Throughout the ride 'Mr F' was fine. He had a quicker walk than normal and was content with both being at the back and at front. He trotted beautifully but then there was a moment when there was a White Van parked and workers were using machinery. 'Mr F' decided that he could not possibly go any further. He wasn't really that bothered about the Van but decided to refuse to walk on. Back to the PHASES! From then on we were doing fine.
Conclusion:
For me: STOP reading books! I get too many ideas in my head. What works for others doesn't mean it works for you. Work with your horse, it'll tell you how well you do ...
Everything we ask of the horse requires these phases and the balance
between asking and rewarding is so very very subtle and can tip one way
very quickly.
There
is a firmness required from the human and a clear mind. I am not
trying to dominate the horse but I am trying to convince him that my way is the better. And sometimes the horses' way may be better. It requires a great deal of wisdom to work this balancing act ... and I have much to learn!!
I had asked (too) much and rewarded too little or not at all - yet when I had to manage people in my previous work I spent much more time to ensure they would feel alright or at least understand why they had to do something in a manner. Why did I fail to do the same with 'Mr F' - I suddenly, and wrongly, treated him like a tool rather than a being who has it's own mind.

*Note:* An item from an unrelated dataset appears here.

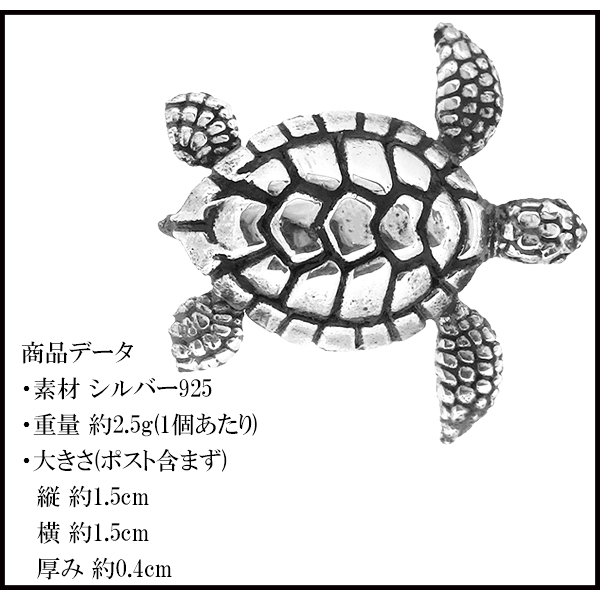 スタッズピアス スタッドピアス シンプル 動物 ユニセックス 海亀 カメ シルバーアクセサリー メンズ

I have said this before long time ago in this blog and I have to come back to it: 'Mr F' is an excellent teacher. Although a very dominant horse, he is gentle and patient.
He could have just started to kick me or bite me to have his peace. But he didn't. Instead he was trying to tell me that something is not right. He spoke clearly, when he just stood there with all fours firmly planted on the ground. He was telling me he didn't understand me any longer. He never did rear nor try to hurt me. He just stood there looking at me with these very distant eyes. Yesterday evening he just stood there, hanging his head almost at my knee level and just looked very sad and very disappointed - I had let him down even thought it was not my intention.
But today when we came back after the ride 'Mr F' looked at me again with a warm look in his eyes, he was not hiding any longer. It is now down to me to proof myself and not to let him down again.
Some might say (and actually have said this): 'Well aren't you taking all this horsey stuff just a little too seriously?'
No, I do not.
They put up with us, with all our faults, with all our demands and our anger. We shackle them to make them move if we ourselves can't, we used them so we can look great, we ignore them when they despereately need our attention and yet, all the while, they let us into their lives again and again. I think we owe them a great deal more than just a bit of attention and feed!